In Analysis B2, PCC between each averaged habitat suitability plot and the observed ratio of presence were also calculated. Finally, PCC of the averaged habitat suitability plots and mean PCC with 1000 iterations were compared in order to determine whether the averaged habitat suitability plots could accurately describe the observed bluegill distribution.
3.3.3 Habitat suitability plots using pseudosamples
Analyses A and B investigated the sample size effect on prediction accuracy and habitat suitability plots for various sample sizes. In the both analyses, the observed datasets of each sample size were generated from the whole observation (n = 1010). Thus, the results of Analyses A and B indicate the general behavior along with decreasing sample size. In the process C, the concept of pseudosamples was introduced in order to investigate situations similar to actual cases and demonstrated the average habitat suitability plot based on a small number of samples.
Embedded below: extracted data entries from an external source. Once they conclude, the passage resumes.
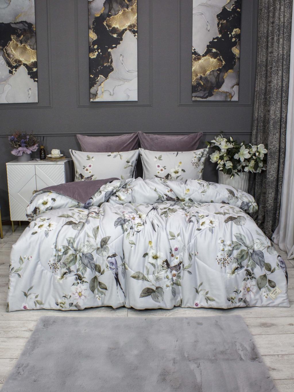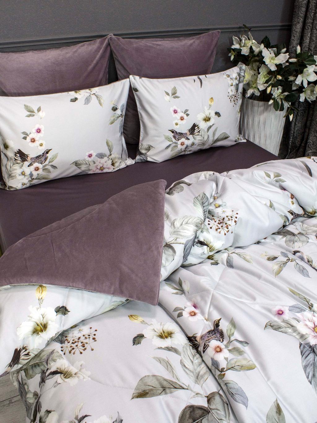 Постельное белье с одеялом "Kazanov.A." Севилья (жемчуг пыльная орхидея) Велюр/Egypt Cotton, Евро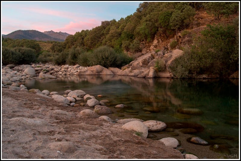 The roar of the river became a gentle babble as the quantity of water running off Almanzor slowly decreased. Every day the dogs and I would go to the river bank to collect water for washing and find that we had to pick our way over newly stranded granite boulders as the bank became a wider beach of white coarse granite sand and the flowing water slowly decreased.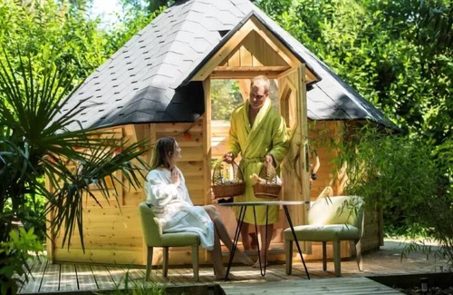 Enjoy an unusual night between nature and spa near Chantilly... Stay in a wooden bubble with star views for an exceptional night under the stars, in the middle of nature?. Will you sleep under the trees, sheltered from eyes in a real cocoon with your favorite duo? Amenities: The Wooden Bull includes a double bed and a small table with its chairs, a spa and sauna. At your disposal: Nespresso coffee machine, kettle, mugs, glasses, coffee taps, tea, water and minibar. But also:? A Bluetooth speaker, toilet linen, bathrobes, a bath set (shower soap and shampoo). For a romantic night, enjoy our outdoors with a double hammock, a brasero and its logs in your terrace to warm your evening! Remember that the bubble does not have a private bathroom, you will have to go to the sanitary block of the campsite located at 80m? With the option "reconnection & heritage", enjoy a dinner for two in your bubble! We only wait for you to enjoy this memorable stay!?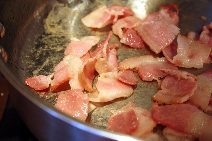 Тем временем в большой сковороде жарить ломтики бекона на среднем огне, периодически помешивая, до состояния золотистой корочки либо около того.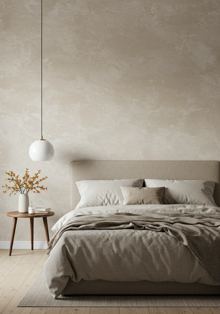 For a look that is soft, earthy, and full of subtle, textural movement, a limewash paint finish is a stunning and very on-trend choice for a bedroom accent wall. Limewash is a traditional, natural paint that is made from slaked lime and natural pigments. When applied with a brush in a cross-hatch pattern, it creates a beautiful, cloud-like, slightly streaky finish with a soft, chalky, matte texture.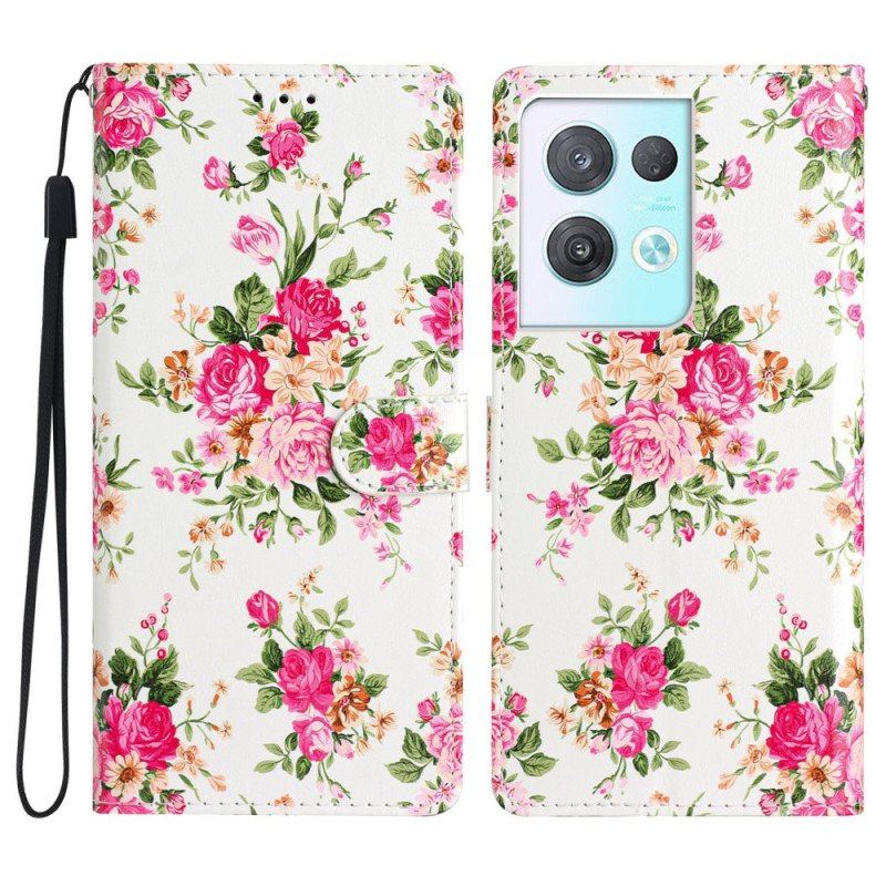 Läderfodral Oppo Reno 8 Pro Med Kedjar Rem Liberty Flowers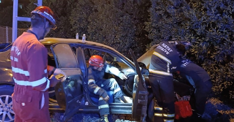 Hatay'da elektrik direğine çarparak zeytinliğe uçan otomobilin sürücüsü yaralandı.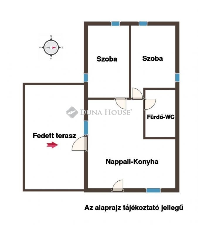 A földszintes ingatlan nettó 40 m², jól kihasználható elrendezéssel: nappali + 2 szoba.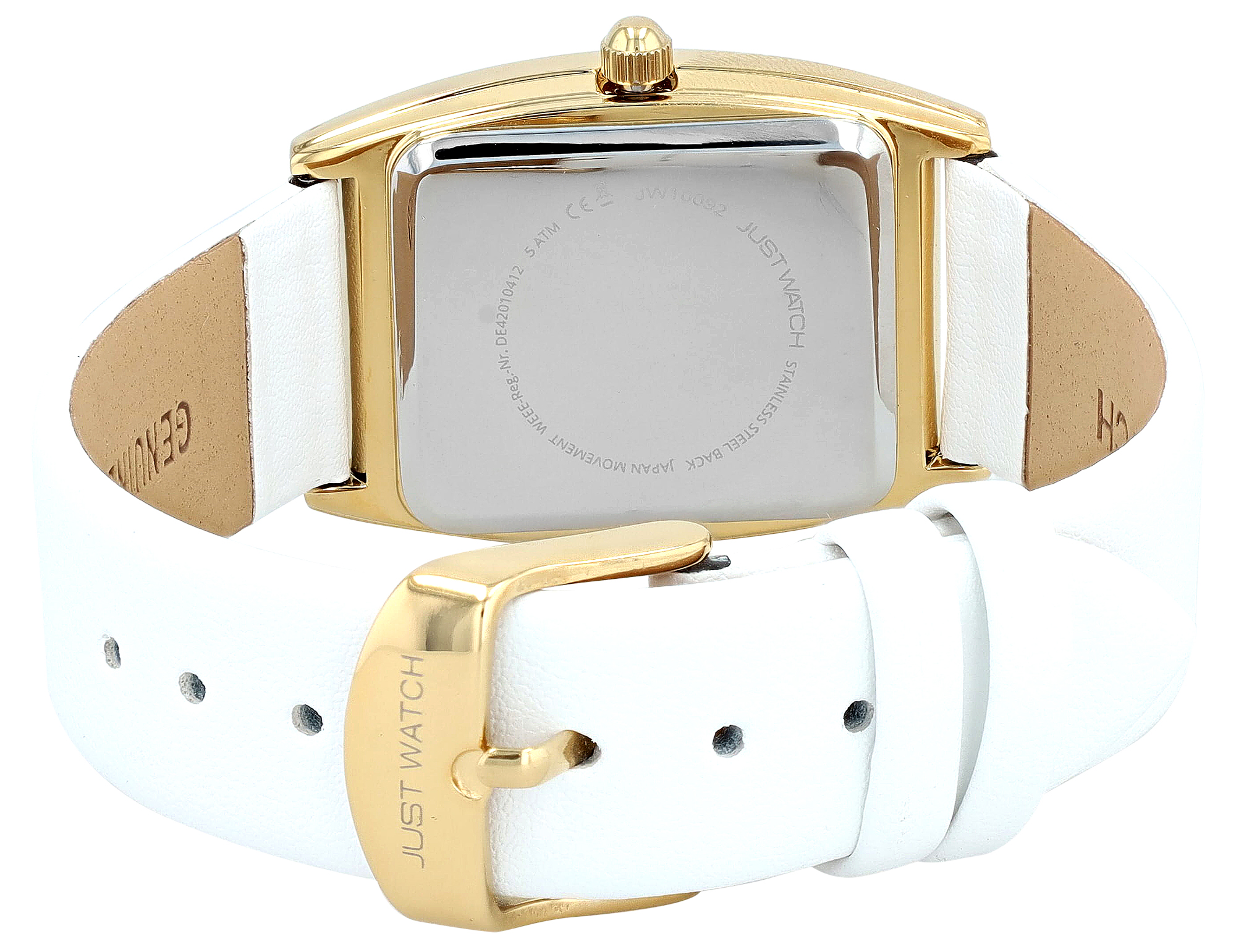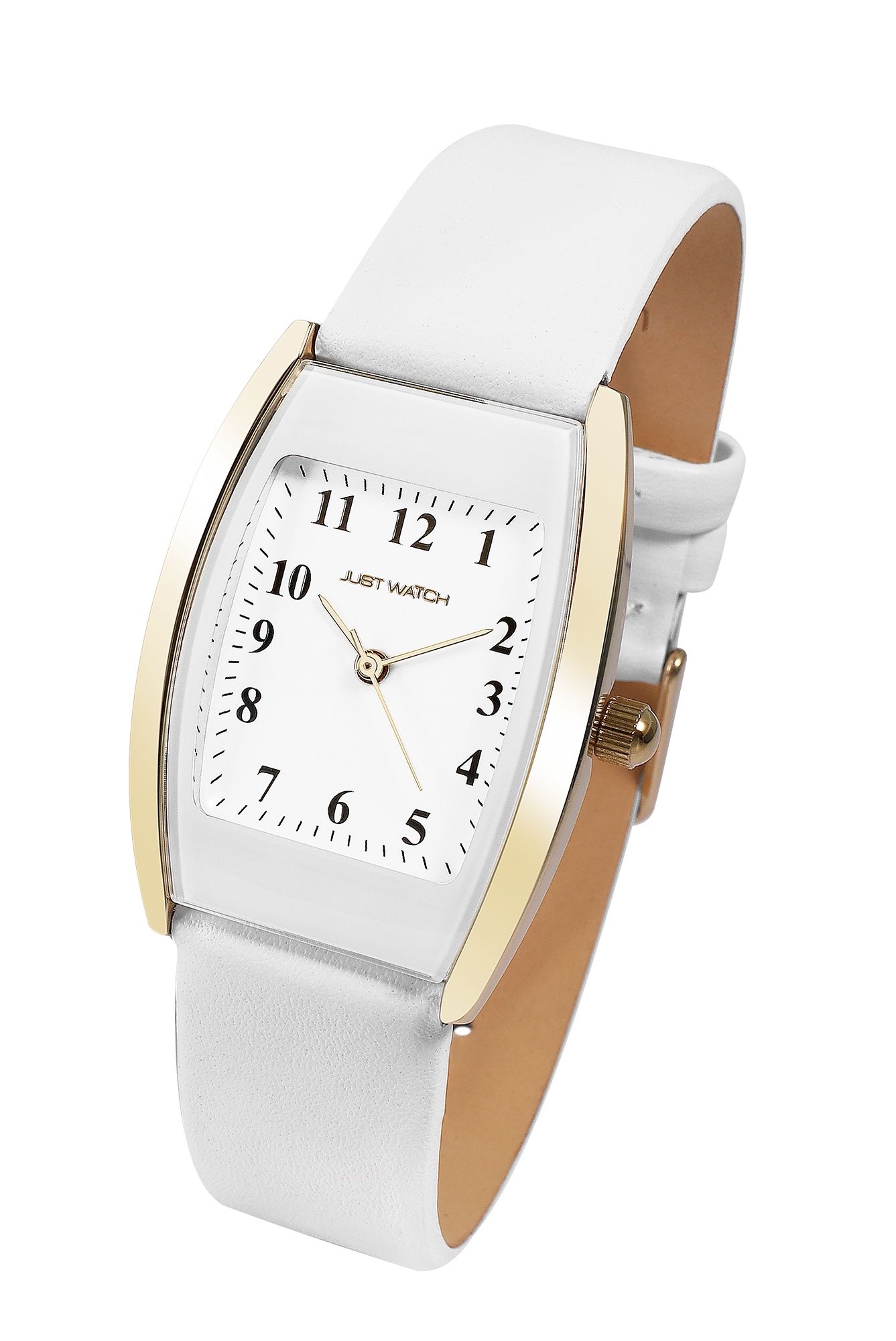 Productinformatie "Just Watch Damenuhr mit Echtlederarmband, Tonneau, weiß/ goldfarben"

First, we generated four different sizes of pseudosamples: 900, 500, 100 and 50. They were randomly selected from all the observations without replacement. In this process, the prevalence of the bluegill in total observations (15%) was kept the same in pseudosamples. Next, a bootstrap method was applied to the pseudosamples. The main point of this bootstrap is to draw datasets with replacement from the training data; each bootstrapped sample is the same sample size as the training data of the analysis (Efron, 1979; Efron and Tibshirani, 1994; Hastie et al., 2009). Using this method, datasets of 900, 500, 100, and 50 were generated from each pseudosample, and then fitted using RF with parameter selection. Then, similar to Analysis B, habitat suitability plots were delineated using formulated RF models, and PCC were calculated. In this research, the mean of PCC with 100 bootstrap iterations is simply called “the bootstrap PCC.” In addition, the averaged habitat suitability plot delineated by 100 iterations is called “the averaged habitat suitability plot.” PCC between the averaged habitat suitability plot and the observed ratio of presence was calculated, and denoted as “the averaged PCC.” We iterated the whole process 100 times (Fig. 1C) and calculated the means of the bootstrap PCCs and the averaged PCCs from 100 iterations.
4 Results
4.1 Sample size effect on model performance
The 900 sample size models yielded the highest mean AUC (0.85) among all the sample sizes, while the 50 sample size models showed the lowest AUC (0.75) (Fig. 2). The mean AUC generally decreased as sample size decreased. The sample size of 900 yielded the smallest standard deviation (0.01), while that of the sample size of 50 yielded the largest (0.05). The standard deviations of the 1000 AUCs decreased as the sample size increased.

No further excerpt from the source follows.